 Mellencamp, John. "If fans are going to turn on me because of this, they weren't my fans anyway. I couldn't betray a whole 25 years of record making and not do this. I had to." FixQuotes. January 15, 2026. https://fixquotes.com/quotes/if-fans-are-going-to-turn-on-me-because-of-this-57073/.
---
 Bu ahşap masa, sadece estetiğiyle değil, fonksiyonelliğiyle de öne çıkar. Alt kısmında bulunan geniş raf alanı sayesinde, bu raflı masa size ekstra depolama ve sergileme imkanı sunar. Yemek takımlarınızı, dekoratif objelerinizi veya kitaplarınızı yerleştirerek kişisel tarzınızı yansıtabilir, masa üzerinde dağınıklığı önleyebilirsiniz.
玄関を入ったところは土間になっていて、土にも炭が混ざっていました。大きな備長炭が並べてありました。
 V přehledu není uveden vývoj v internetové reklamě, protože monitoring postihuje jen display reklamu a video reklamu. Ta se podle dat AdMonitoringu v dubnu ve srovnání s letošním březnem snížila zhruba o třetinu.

# What to produce
Return, with no change at all, every line in the entries above from the line containing "玄関を入ったところは土間にな" through the line containing "V přehledu není uveden".

# Response to this exercise
玄関を入ったところは土間になっていて、土にも炭が混ざっていました。大きな備長炭が並べてありました。
 V přehledu není uveden vývoj v internetové reklamě, protože monitoring postihuje jen display reklamu a video reklamu. Ta se podle dat AdMonitoringu v dubnu ve srovnání s letošním březnem snížila zhruba o třetinu.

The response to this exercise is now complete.